Perhaps it is the mindset which is going too well. We are used to the ‘normal flow of things’ in which everyone works together.

The parties themselves have modest ambitions. The People’s Party wants to maintain its 29% share of the vote. The most audacious are the Greens, which are looking to gain four or five seats, but that is a small part of the 200 seats in the House of Representatives. If the parties do not have ambitious objectives, how can the public be passionate about the campaign? Why are election campaigns in other countries more exciting?

S.M.: Because in Switzerland, we have a system of direct democracy. Up to four times a year, the parties can debate concrete subjects during the nationwide votes. 

They have several occasions to explain their positions, and the citizens know them.

The elections are a bit boring because we again hear the same arguments, unless there has been a new event. In the neighbouring countries, it is mainly the elections which allow the parties to take positions on different issues. Does that mean that dull campaigns are an inherent part of the Swiss political system?

S.M.: Yes, the Swiss parties are less important than in the countries around us.

Because we vote on almost everything, the parties do not have a monopoly over the political agenda, nor the last word, which goes to the people or to the cantons.


In addition, federalism and multilingualism are an obstacle for the parties. Ideally, a party should have unique message and be represented by one or two people across the country.

Here, there are no political personalities which are known in all the linguistic regions, aside from Christoph Blocher from the People’s Party. Some cantonal party sections are also a bit more to the right or to the left. In neighbouring countries, the parties are more professional, disciplined and coherent. The Swiss political consensus therefore sort of kills the political debate…
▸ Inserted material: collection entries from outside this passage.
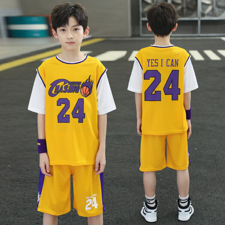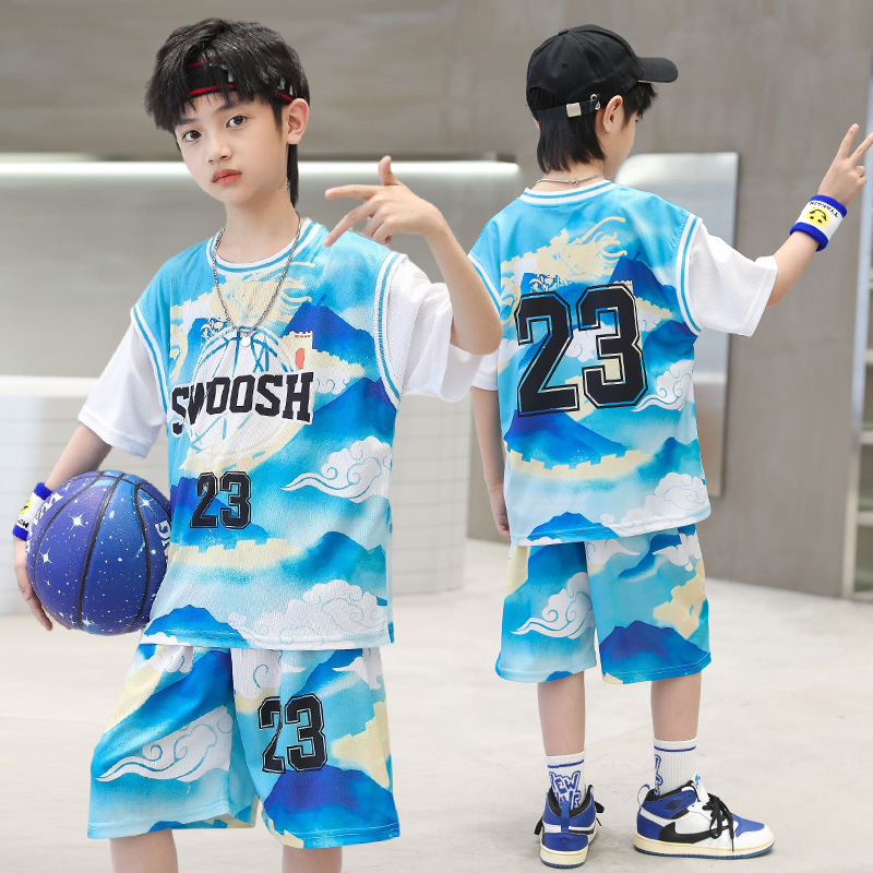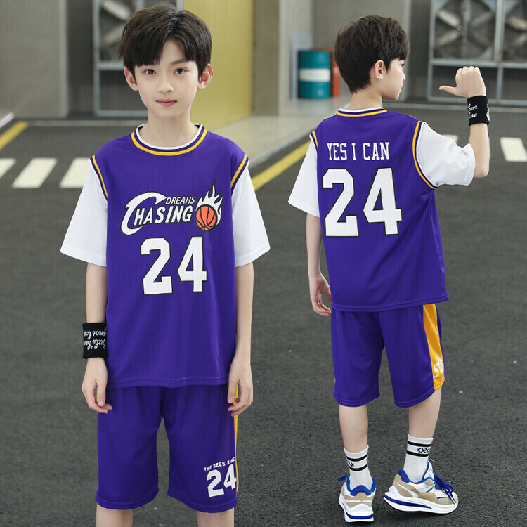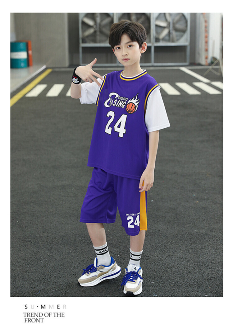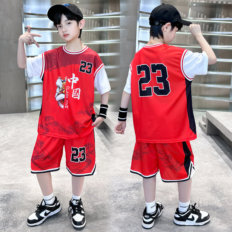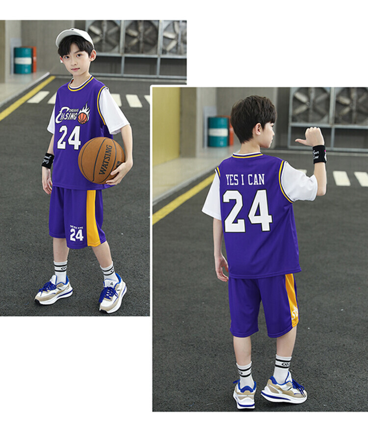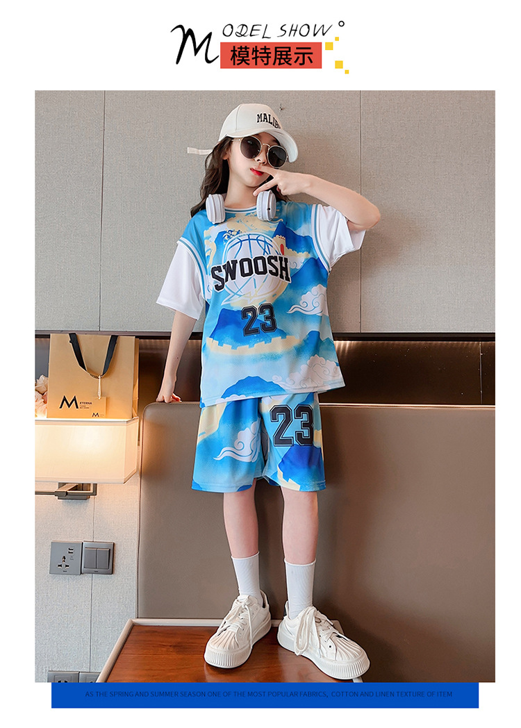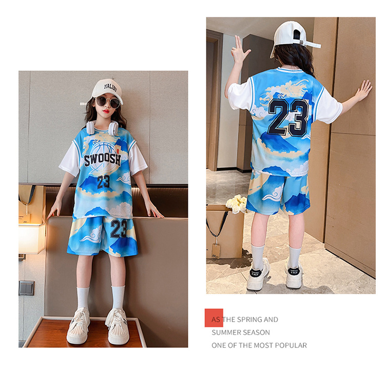 어린이 반팔 세트 2024 새 여름 중대형 어린이 농구 옷 스포츠 레저 여름 옷 소년 소녀 훈련 옷스토어 가기
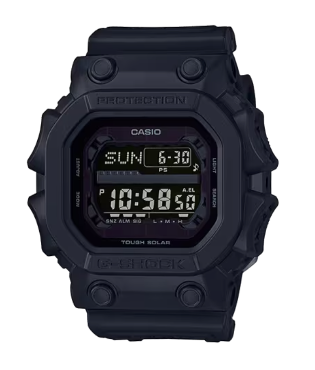 From G-SHOCK, the watch that sets the standard for timekeeping toughness, comes the latest models to feature basic G-SHOCK black that captures the essence of one-tone resin. This model is based on the GX-56, which is designed to withstand impact from any direction. A simple matte black finish allows the form of the watch itself to come out, while the buckle have a black ion plate finish. Everything about this new basic black model capture the very essence of the rough, tough basic G-SHOCK image.
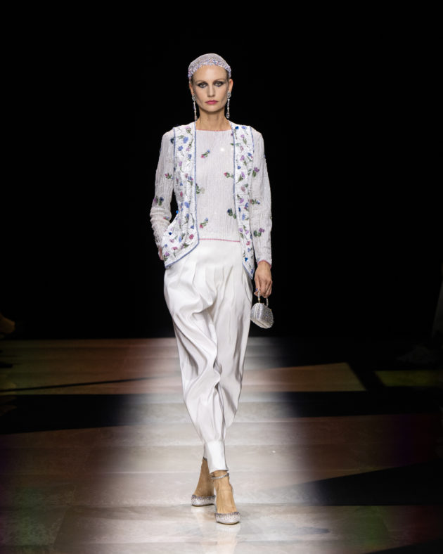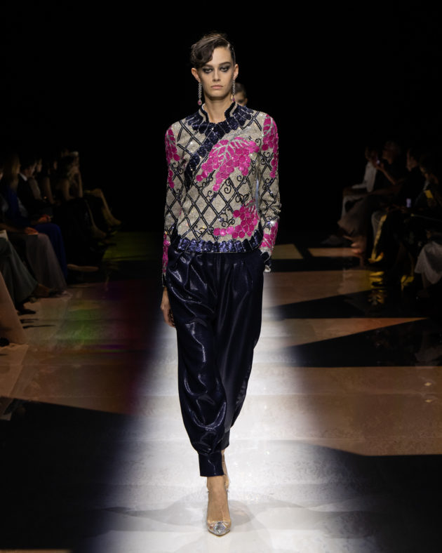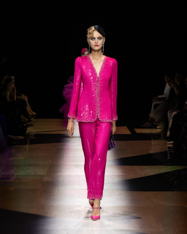 Il fulcro di questa poetica armaniana sta nel lavoro di studio accuratissimo che lo stilista ha fatto sulle silhouette, facendone l’emblema di questo connubio ossimorico tra femminilità e desiderio di ribellione: sono serpentine, fascianti e avvolgenti sulle forme, ma anche vaporose ed evanescenti. Le gonne “a sirena” tipiche dell’estetica legata al mondo del cabaret sono qui spezzate da lame di colore, c’è il fucsia che si sprigiona dal nero, e i tessuti – dal velluto impalpabile alla seta più leggera – si muovono al ritmo dei corpi in un fruscio di sottofondo ipnotico. C’è un gioco di stile sui corpetti, focus della collezione, che si animano di frange di canottiglie dai rimandi ora Gatsbiniani ora gitani, accostati a pantaloni sartoriali chiamati a fare da contraltare nella calibrata provocazione di Armani. E poi le giacche, immancabili, in fantasia optical o attraversate da preziosissimi ricami che rimandano all’Oriente conferendo al look un’aria che “Re” Giorgio definisce “esoterica, più che esotica”: ”Perché sappiamo che il modo occidentale di vestire rischia sempre di essere un po’ stiff, un po’ secco e severo”. Il colpo d’occhio emana pura energia femminile: la stessa che lo stilista ha voluto concentrare nell’ultimo look. Dopo aver sfoggiato una gamma di sfumature intense e brillanti, ecco che fa la sua comparsa un completo pantalone bianco coronato da una preziosa calotta di diamanti. Accecante, purissimo, disarmante: è la summa di tutti i colori, le forme e le suggestioni viste negli abiti precedenti. È l’ultima provocazione di Giorgio Armani, che con questa sfilata si prende la standing ovation del pubblico esploso in un fragoroso e interminabile applauso appena lo ha visto fare capolino in passerella. Poi, con gli occhi lucidi, torna dietro le quinte. Ma non prima di aver dato precise indicazioni a fotografi e modelle per la foto finale di rito.
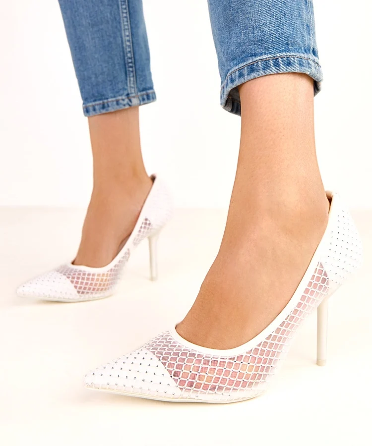 • Białe siateczkowe szpilki zdobione cyrkoniami Rita
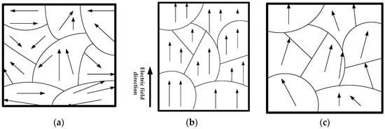 Schematic diagram of the spontaneous polarization alignment: (a) before; (b) during; (c) after presence of an electric field.

S.M.: Yes, but it also allows the Swiss parties to be more ideological than in the neighbouring countries.

Switzerland’s Social Democratic Party is more to the left than in Germany, while the Swiss People’s Party is a lot closer to the Alternative for Germany (the far-right group AfD) than to the conservatives [of the CDU].

In Switzerland, the parties can be extreme because they will never be able to do all that they say but will have to compromise with a lot of other players.

There is also less unity at the heart of the Swiss parties and so fewer strong personalities to animate a campaign.

The advantage is that our system favours diversity, by giving the opportunity to different people to make a career in politics and to speak about their issues. Does a dull campaign foreshadow a parliament that will not make big advances?

S.M.: Switzerland remains a conservative country. It is not a country of revolutions or big ideas. But it does depend on who is going to win. It is still possible that the Greens win three or four seats. The parties on the right will not remain fixed in their positions, they have revealed an openness on social issues like gay marriage.

The elections are also going to lead to generational change and change among the representatives of the different linguistic regions. These are just details. The next parliament will not herald big changes.

In Switzerland, change is very slow but, once a decision is taken, it is accepted by just about everyone, because everyone has been able to participate in the process.

A candidate for the House of Representatives has come in for criticism after he put up posters in his constituency of Appenzell Inner-Rhodes.

The representative for the Swiss People’s Party in fact broke the rules because the political parties and institutions agreed in principle to do without public posters.

The reasoning behind the de-facto ban is that none of the candidates need poster campaigns as they are already well-known among a community of 16,000 citizens in the rural region of eastern Switzerland.

The rule was endorsed at the open-air assembly of Appenzell Inner-Rhodes last April.